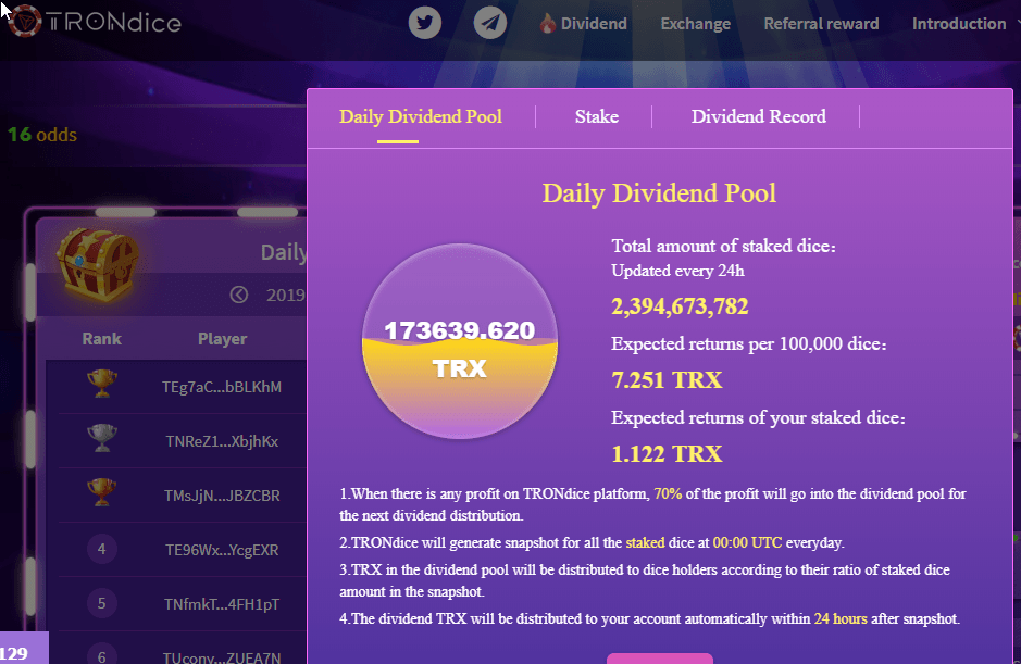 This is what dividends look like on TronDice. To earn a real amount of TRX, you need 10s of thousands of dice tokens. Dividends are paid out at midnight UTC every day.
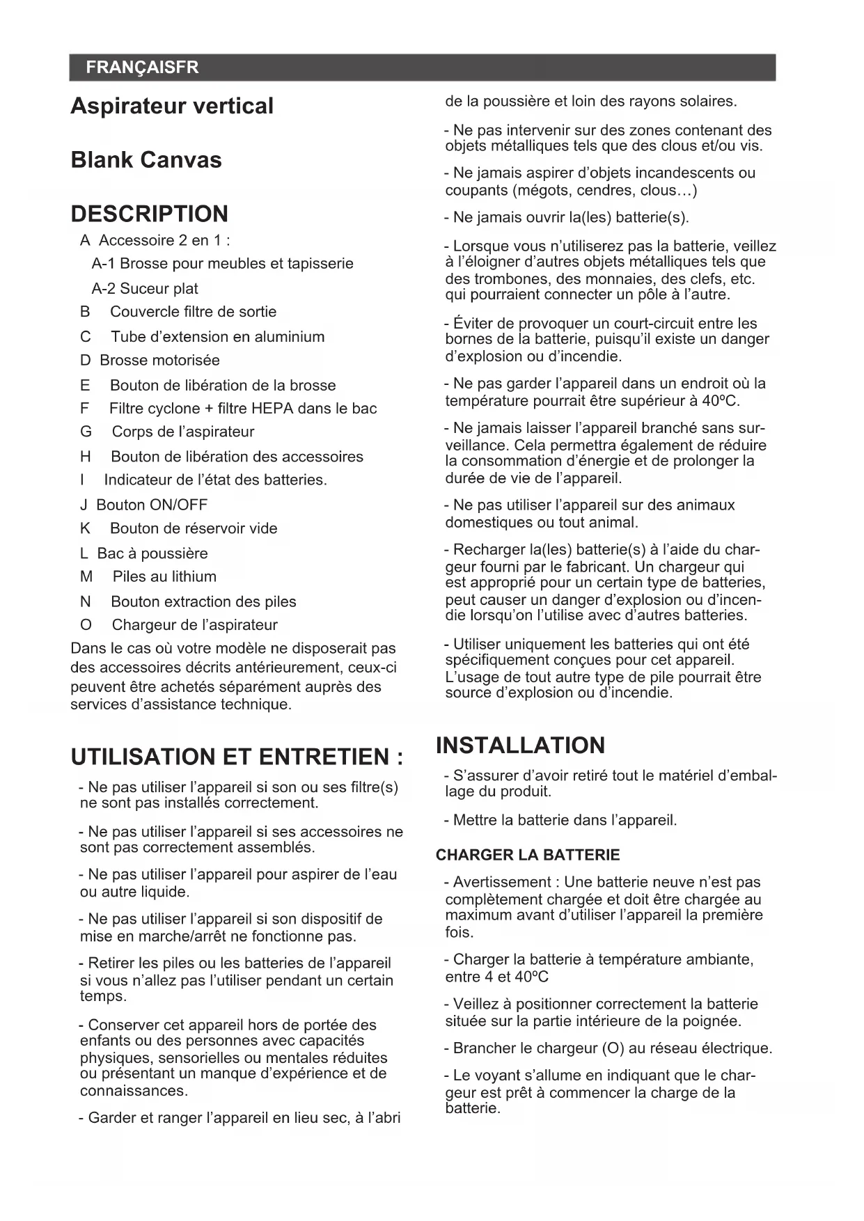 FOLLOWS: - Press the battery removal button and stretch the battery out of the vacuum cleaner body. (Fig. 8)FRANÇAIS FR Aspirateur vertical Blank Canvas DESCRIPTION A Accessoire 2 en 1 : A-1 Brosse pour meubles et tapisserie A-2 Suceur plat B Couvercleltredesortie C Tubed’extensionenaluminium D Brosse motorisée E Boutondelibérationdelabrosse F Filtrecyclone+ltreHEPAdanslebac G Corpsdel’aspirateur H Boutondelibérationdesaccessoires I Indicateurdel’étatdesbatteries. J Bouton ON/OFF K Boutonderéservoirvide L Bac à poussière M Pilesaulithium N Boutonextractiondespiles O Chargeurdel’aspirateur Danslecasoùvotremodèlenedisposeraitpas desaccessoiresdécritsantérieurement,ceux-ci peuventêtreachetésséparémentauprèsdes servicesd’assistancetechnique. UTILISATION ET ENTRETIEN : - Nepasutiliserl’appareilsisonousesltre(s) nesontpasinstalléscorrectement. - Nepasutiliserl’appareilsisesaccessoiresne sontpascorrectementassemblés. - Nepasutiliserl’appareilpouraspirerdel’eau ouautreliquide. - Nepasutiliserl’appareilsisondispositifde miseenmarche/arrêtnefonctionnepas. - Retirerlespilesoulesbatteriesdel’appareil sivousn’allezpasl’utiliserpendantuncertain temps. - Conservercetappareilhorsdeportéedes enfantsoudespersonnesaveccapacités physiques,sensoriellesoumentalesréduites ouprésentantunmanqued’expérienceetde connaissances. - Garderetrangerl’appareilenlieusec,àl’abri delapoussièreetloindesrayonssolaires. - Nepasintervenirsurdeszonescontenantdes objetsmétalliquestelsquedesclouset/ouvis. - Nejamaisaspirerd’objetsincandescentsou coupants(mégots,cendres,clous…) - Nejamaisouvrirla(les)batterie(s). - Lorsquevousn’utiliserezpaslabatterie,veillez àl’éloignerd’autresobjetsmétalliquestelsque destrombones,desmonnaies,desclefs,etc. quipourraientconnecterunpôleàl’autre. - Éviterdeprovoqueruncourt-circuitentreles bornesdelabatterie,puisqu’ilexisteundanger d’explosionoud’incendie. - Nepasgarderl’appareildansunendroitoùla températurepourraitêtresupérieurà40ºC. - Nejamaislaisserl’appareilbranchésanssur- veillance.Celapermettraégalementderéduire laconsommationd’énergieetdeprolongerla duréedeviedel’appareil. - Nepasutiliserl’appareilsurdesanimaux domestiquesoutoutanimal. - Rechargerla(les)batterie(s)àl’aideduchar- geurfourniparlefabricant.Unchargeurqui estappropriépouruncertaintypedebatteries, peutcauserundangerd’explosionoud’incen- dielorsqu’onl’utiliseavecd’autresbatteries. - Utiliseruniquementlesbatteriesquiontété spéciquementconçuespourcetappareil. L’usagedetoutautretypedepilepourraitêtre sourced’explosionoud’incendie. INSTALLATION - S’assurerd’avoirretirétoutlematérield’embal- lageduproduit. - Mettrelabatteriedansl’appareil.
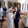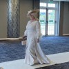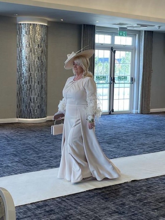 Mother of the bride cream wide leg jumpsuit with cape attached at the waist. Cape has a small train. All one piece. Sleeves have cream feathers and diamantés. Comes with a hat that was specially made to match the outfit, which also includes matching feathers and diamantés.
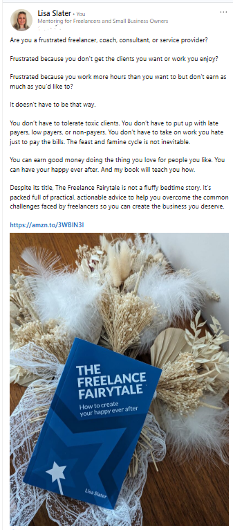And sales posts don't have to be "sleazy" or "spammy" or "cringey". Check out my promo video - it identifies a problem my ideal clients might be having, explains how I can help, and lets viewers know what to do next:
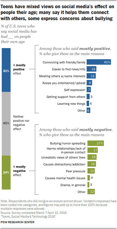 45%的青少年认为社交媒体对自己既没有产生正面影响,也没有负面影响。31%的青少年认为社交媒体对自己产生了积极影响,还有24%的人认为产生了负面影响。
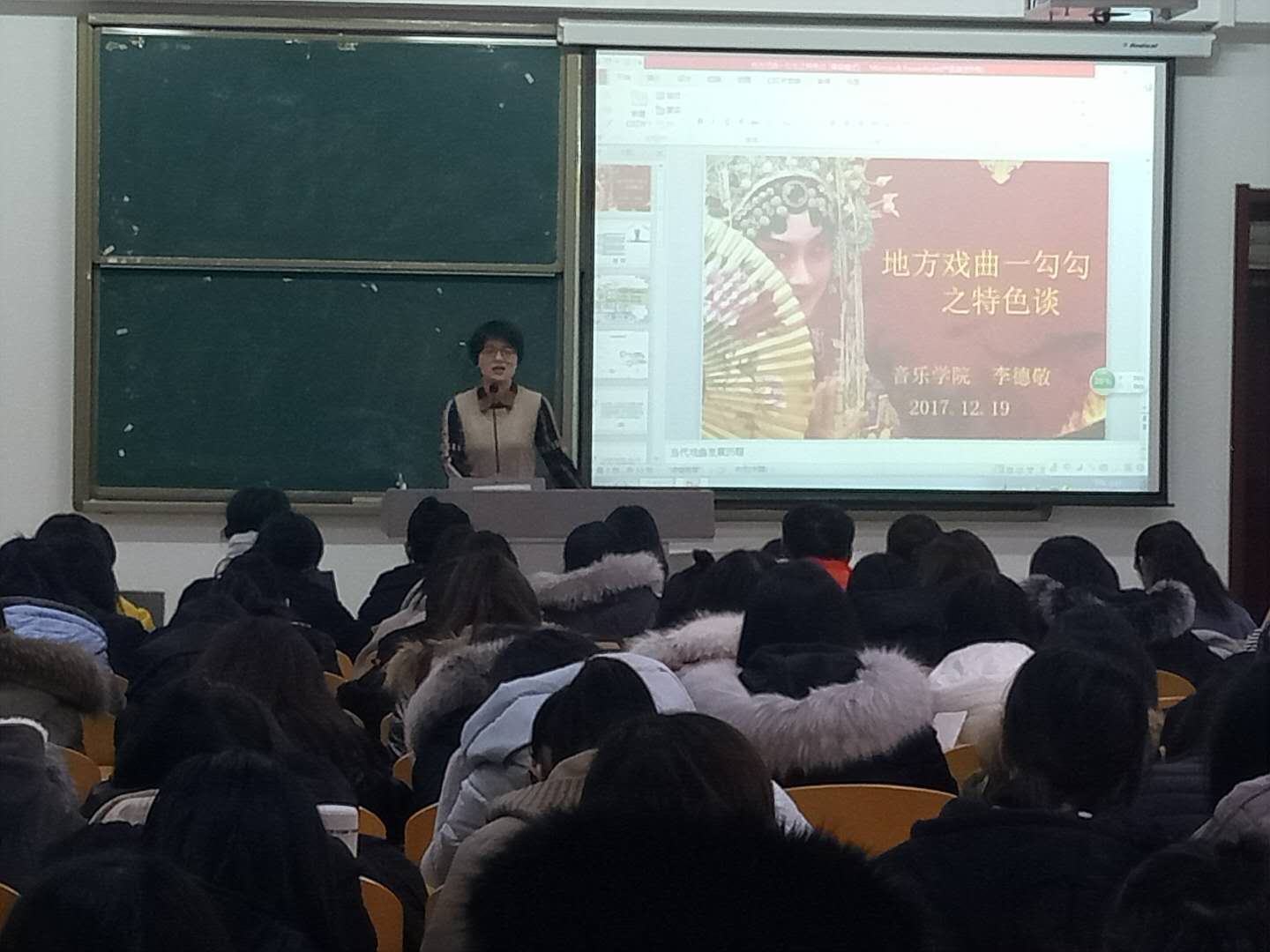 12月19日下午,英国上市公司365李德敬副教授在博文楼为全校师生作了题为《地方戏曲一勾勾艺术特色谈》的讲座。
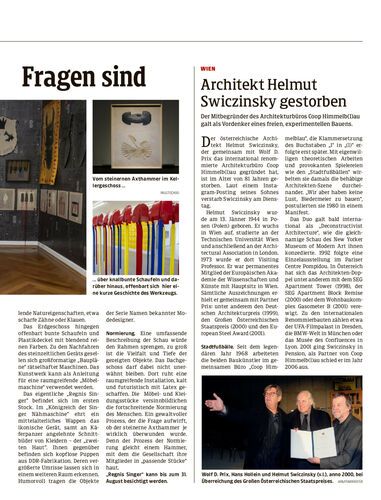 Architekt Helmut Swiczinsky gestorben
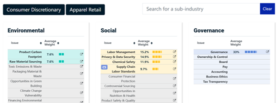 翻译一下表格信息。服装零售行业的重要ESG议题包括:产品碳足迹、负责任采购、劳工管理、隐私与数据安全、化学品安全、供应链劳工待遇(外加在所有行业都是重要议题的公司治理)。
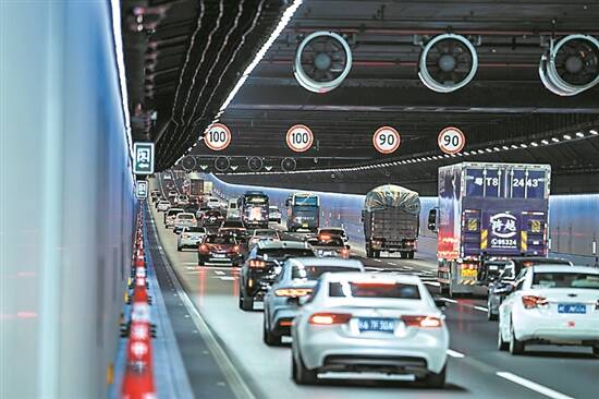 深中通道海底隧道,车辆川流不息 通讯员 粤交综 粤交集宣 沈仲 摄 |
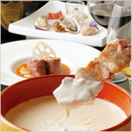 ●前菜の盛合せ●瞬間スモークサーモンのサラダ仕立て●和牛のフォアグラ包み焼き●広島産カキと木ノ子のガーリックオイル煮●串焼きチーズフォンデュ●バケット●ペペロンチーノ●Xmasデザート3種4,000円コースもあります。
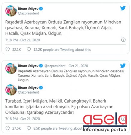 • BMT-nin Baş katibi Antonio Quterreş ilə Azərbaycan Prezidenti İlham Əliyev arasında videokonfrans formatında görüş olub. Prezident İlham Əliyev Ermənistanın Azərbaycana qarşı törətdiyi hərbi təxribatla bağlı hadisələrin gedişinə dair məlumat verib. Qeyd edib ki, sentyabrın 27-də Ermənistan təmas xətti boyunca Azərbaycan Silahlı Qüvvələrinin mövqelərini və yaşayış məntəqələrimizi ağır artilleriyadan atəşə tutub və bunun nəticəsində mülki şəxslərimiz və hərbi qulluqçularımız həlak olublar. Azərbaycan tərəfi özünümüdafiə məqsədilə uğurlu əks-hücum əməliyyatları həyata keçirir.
◆ ◆ ◆ ◆
WHAT THE EXERCISE ASKS:
In the entries above, every line from the line with "And sales posts" to the line with "Architekt Helmut Swiczinsky gestorben" is to be printed exactly, with both ends included and pictures excluded.

REPLY TO THE EXERCISE:
And sales posts don't have to be "sleazy" or "spammy" or "cringey". Check out my promo video - it identifies a problem my ideal clients might be having, explains how I can help, and lets viewers know what to do next:
 45%的青少年认为社交媒体对自己既没有产生正面影响,也没有负面影响。31%的青少年认为社交媒体对自己产生了积极影响,还有24%的人认为产生了负面影响。
 12月19日下午,英国上市公司365李德敬副教授在博文楼为全校师生作了题为《地方戏曲一勾勾艺术特色谈》的讲座。
 Architekt Helmut Swiczinsky gestorben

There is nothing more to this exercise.